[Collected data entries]
══════════
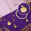 Be it a casual look or partywear, accessories add sparkle to any ensemble. Here's a jewellery set for girls that's an eye-catcher. Inclusive of earrings, a bracelet and a pendant that's personalizable with an initial, the set is adorned with beautiful pearls and a princess charm.
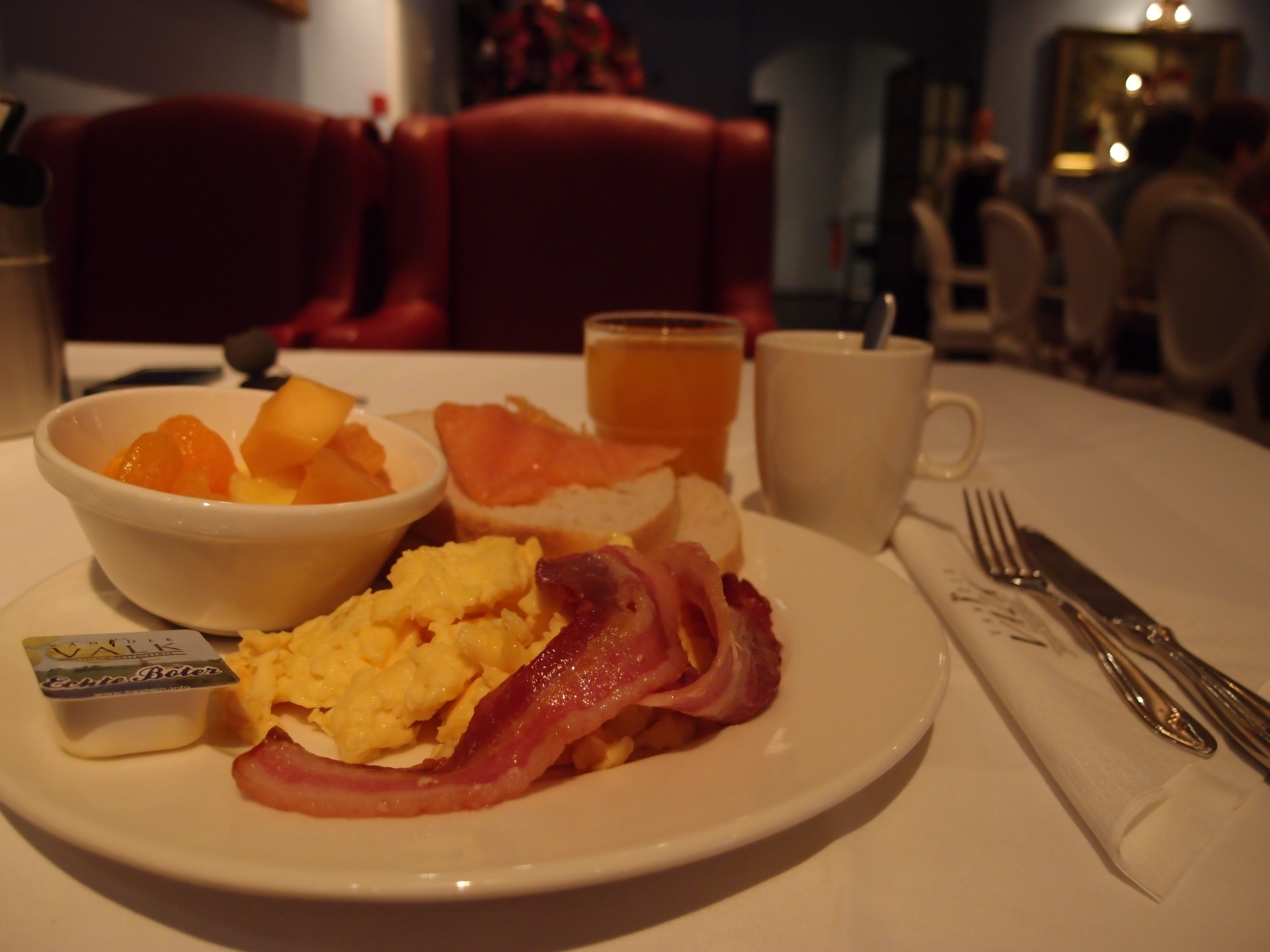 Het is een drukke ochtend en we bevinden ons in internationaal gezelschap in een enorme zaal die we van Van der Valk ook gewend zijn. Met mooi weer kan je ook buiten zitten, maar dat was vandaag niet voor ons weggelegd. Wij mochten plaats nemen in enorme fauteuils aan de zijkant tegen de muur van de zaal. Je hoort nederlands, engels, frans, duits en japans om je heen. Je kan met gevarieerde gezelschappen ontbijten van intieme zitjes tot 4 personen tot lange tafels voor 20 personen.
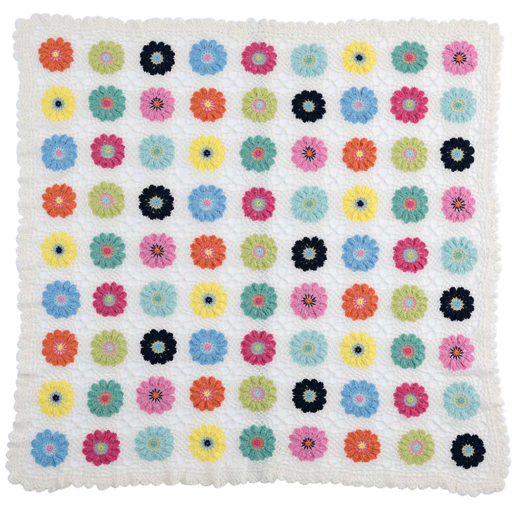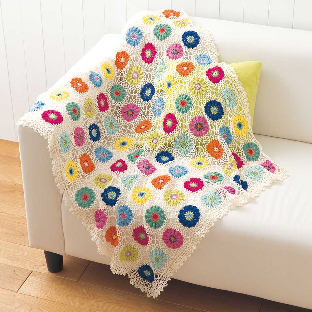 【キット作り方つき】10色もの糸を使って編む、カラフルなブランケット。ソファや椅子に掛けたり、冷房対策に使ったり。アネモネの花をイメージしたモチーフを81枚編み、モチーフの周囲に生成りの糸でネット編みをして、編みつなぎます。初級~中級の方へ。
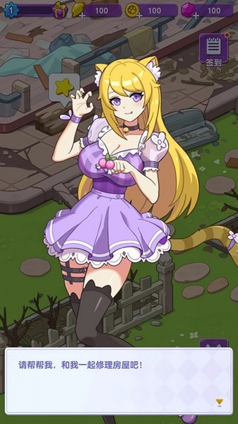 3、如图,获得了属于自己的猫咪,接下来我们可以和它一起修理房屋了,
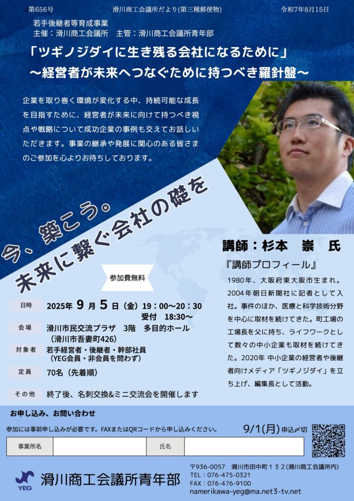 滑川商工会議所青年部では、令和7年度の若手後継者等育成事業の一環として、講演会を開催いたします。
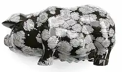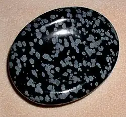 Pure obsidian is usually dark in appearance, though the color varies depending on the impurities present. Iron and other transition elements may give the obsidian a dark brown to black color. Most black obsidians contain nanoinclusions of magnetite, an iron oxide.[25] Very few samples of obsidian are nearly colorless. In some stones, the inclusion of small, white, radially clustered crystals (spherulites) of the mineral cristobalite in the black glass produce a blotchy or snowflake pattern (snowflake obsidian). Obsidian may contain patterns of gas bubbles remaining from the lava flow, aligned along layers created as the molten rock was flowing before being cooled. These bubbles can produce interesting effects such as a golden sheen (sheen obsidian). An iridescent, rainbow-like sheen (fire obsidian) is caused by inclusions of magnetite nanoparticles creating thin-film interference.[26] Colorful, striped obsidian (rainbow obsidian) from Mexico contains oriented nanorods of hedenbergite, which cause the rainbow striping effects by thin-film interference.[25]
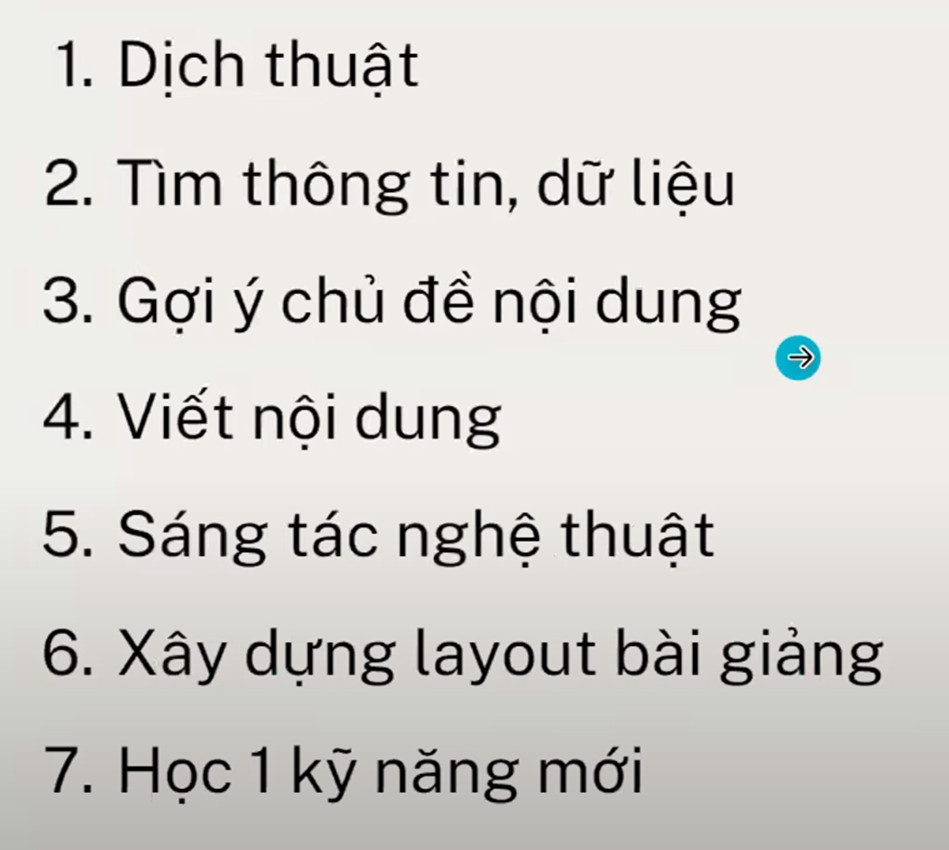 - “Cho tôi 5 ý tưởng cho bài viết quảng cáo sản phẩm mới.”(chia ý – triển khai ý theo độ dài , văn phong , hành động )
══════════
(Activity): Output the lines of the data exactly, starting at the first and ending with the line that has "滑川商工会議所青年部では、令". Pictures are not part of it.

(Result of the exercise):
 Be it a casual look or partywear, accessories add sparkle to any ensemble. Here's a jewellery set for girls that's an eye-catcher. Inclusive of earrings, a bracelet and a pendant that's personalizable with an initial, the set is adorned with beautiful pearls and a princess charm.
 Het is een drukke ochtend en we bevinden ons in internationaal gezelschap in een enorme zaal die we van Van der Valk ook gewend zijn. Met mooi weer kan je ook buiten zitten, maar dat was vandaag niet voor ons weggelegd. Wij mochten plaats nemen in enorme fauteuils aan de zijkant tegen de muur van de zaal. Je hoort nederlands, engels, frans, duits en japans om je heen. Je kan met gevarieerde gezelschappen ontbijten van intieme zitjes tot 4 personen tot lange tafels voor 20 personen.
 【キット作り方つき】10色もの糸を使って編む、カラフルなブランケット。ソファや椅子に掛けたり、冷房対策に使ったり。アネモネの花をイメージしたモチーフを81枚編み、モチーフの周囲に生成りの糸でネット編みをして、編みつなぎます。初級~中級の方へ。
 3、如图,获得了属于自己的猫咪,接下来我们可以和它一起修理房屋了,
 滑川商工会議所青年部では、令和7年度の若手後継者等育成事業の一環として、講演会を開催いたします。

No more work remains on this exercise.